Ian Savage of SureCert tells TechWatch’s Emily McDaid how he dived in to the world of entrepreneurship.
“An NHS desperately short of nurses”, as described by the Royal College of Nursing, can reportedly only fill one in 400 nursing vacancies.
“All candidates on SureCert have gone through a verification process, confirming at least one aspect of their backgrounds – for example, an employment reference or qualification,” he said.
This type of recruitment vehicle is particularly relevant for occupations with “a perceived skills shortage and where the need to verify a candidate’s background is important”, according to Savage.
In a previous life, Savage was a scuba divemaster as a hobby. He had a career in recruitment and then consulting, but he would take six weeks off a year to teach scuba diving in Thailand. During a dangerous 42-metre dive in the Red Sea, he nearly died from nitrogen narcosis.

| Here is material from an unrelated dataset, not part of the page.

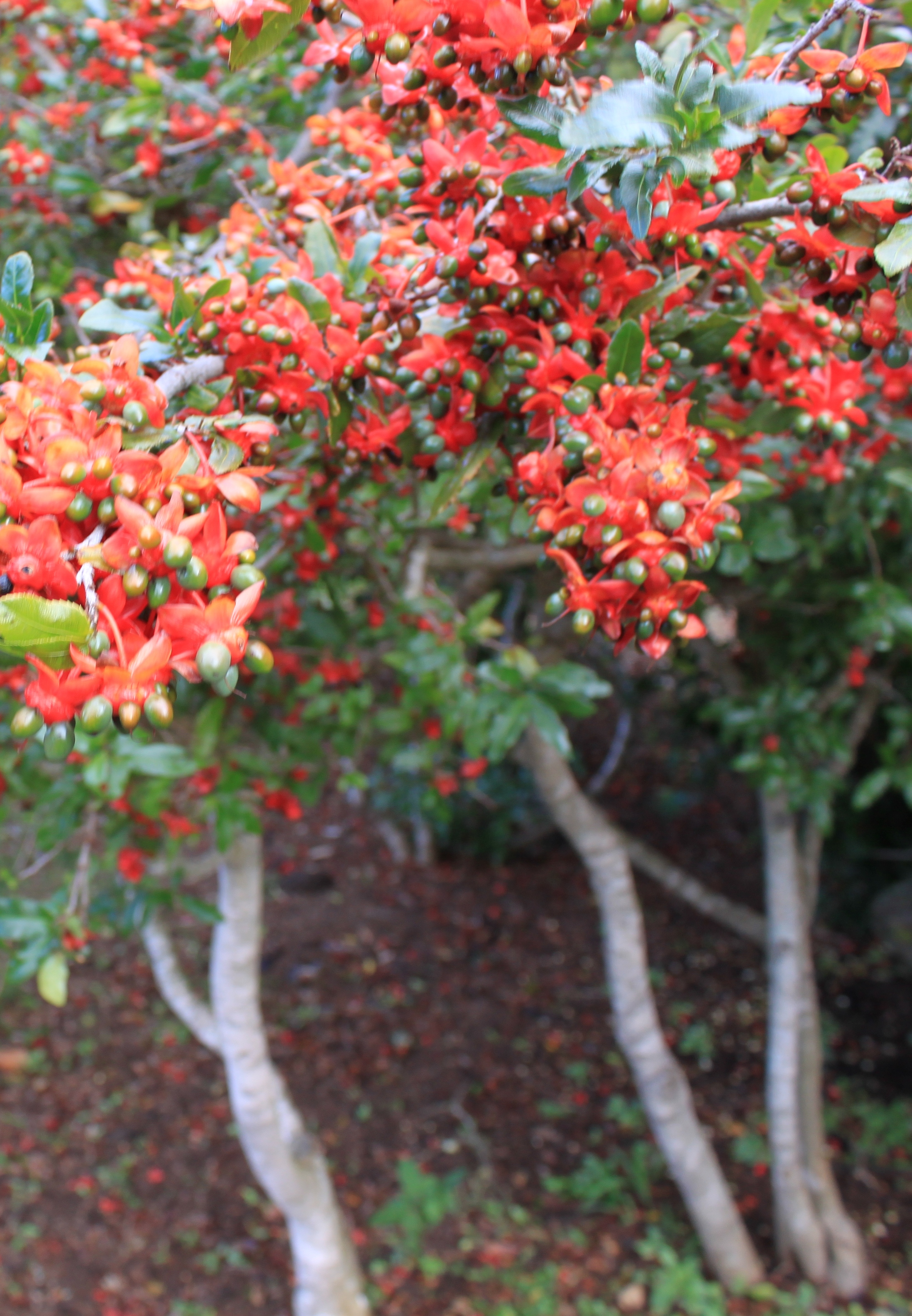 Ochna serrulata. A bush or small tree indigenous to South Africa.
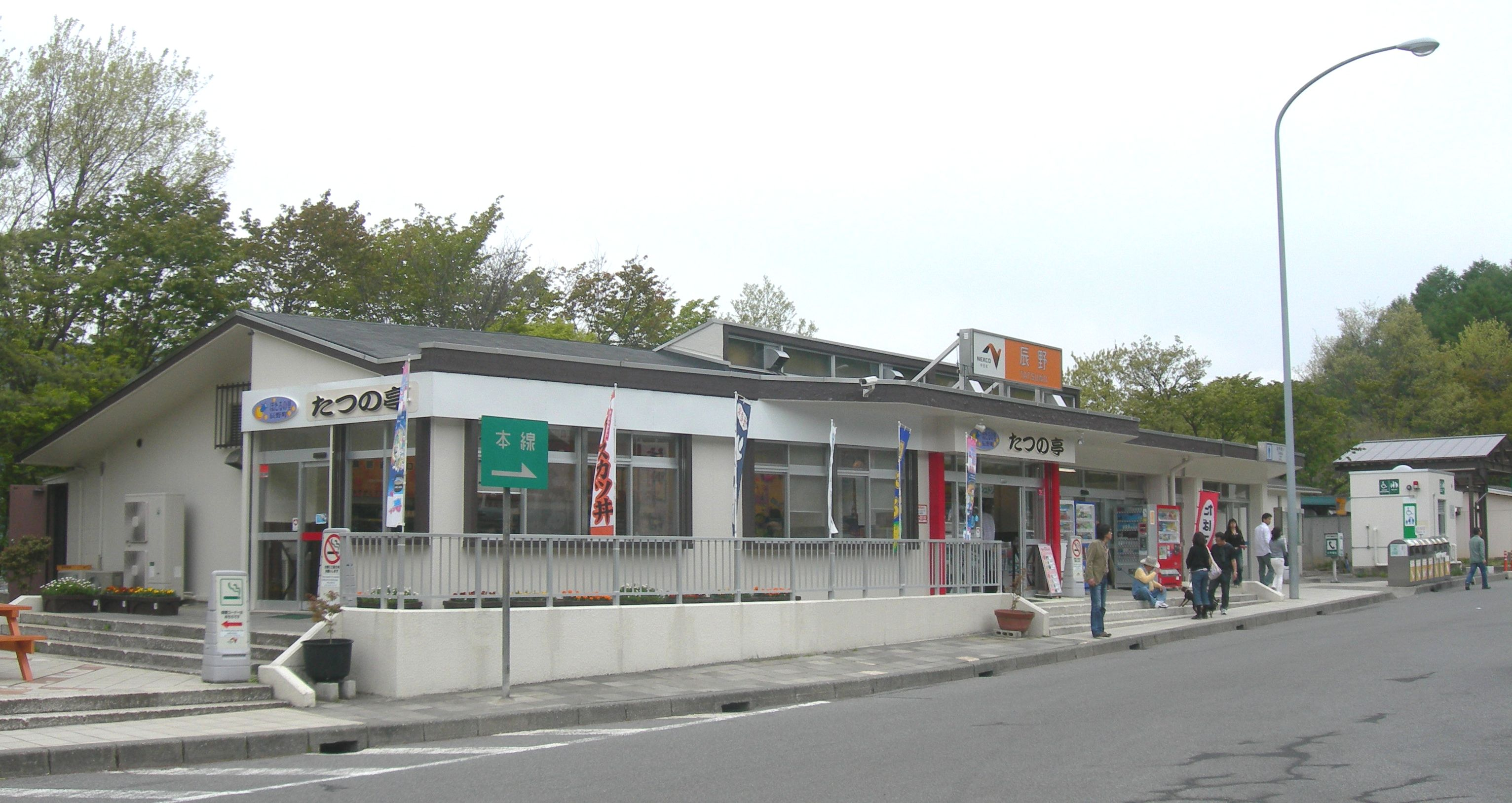 Tatsuno Parking Area on the Chuo Expressway inbound line for Tokyo

After that, he hung up the diving cylinder and put his head down (excuse the pun) with his entrepreneurial ventures.
Savage’s interesting past – he also had a three-year consulting gig with Deloitte – gave him the knowledge of what’s missing in talent recruitment.
“We’ve demonstrated the platform’s capability in nursing, as our first vertical market,” he said.
“That’s only a starting point, to give us some focus. As we build up the community, SureCert will be relevant to nearly all occupations.”
It takes the NHS 75 days to verify a nurse’s credential, on average, and much longer to recruit the right person in the first place. “SureCert is about putting as few people as possible between a candidate and the perfect job,” he said.
Once it gains critical mass, Savage says the platform will also uncover valuable data on the labour market. These data analytics can quantify the supply and demand of talent.
“Where are the shortages? What are the emerging skills? What skills are becoming obsolete? Our data can provide answers,” he said.
Savage tells me that partnering with data providers has been useful, as well as opt-in agreements and APIs.
He also has a vision for how the platform could transform school leavers’ lives.
“Before someone has even completed their degree, they could create a profile in SureCert and as soon as their qualification (degree or otherwise) is finished, a future employer would be alerted who already had their eye on that person,” he said.
“Or they might realise they already have qualifications they didn’t know about – such as a nursing student who is automatically qualified to work as a care assistant.”
What’s the revenue model?
It’s free for candidates, and the employer pays. The fees will be comparable to a typical method of recruiting, via LinkedIn. The difference is, our engine gives far more targeted results and, of course, candidates’ qualifications have been verified.
How does this verification process work?
We engage in data-sharing agreements with groups such as universities or professional bodies – say, the Royal Colleges – and then promote our service to their members through them.
Where can you expand outside of the medical professions?
We foresee huge demand for SureCert’s capabilities in areas like oil and gas, aviation, and general graduate recruitment, for a start.
How much are you looking to raise?
Our last round was £480,000 – so we’ll be looking to increase from there.
Do you feel that blockchain could be useful for this platform?
We’re doing extensive research into how we could apply blockchain technology. Because blockchain is about trusted transactions, it seems it could fit with SureCert – but I want to look into this carefully first.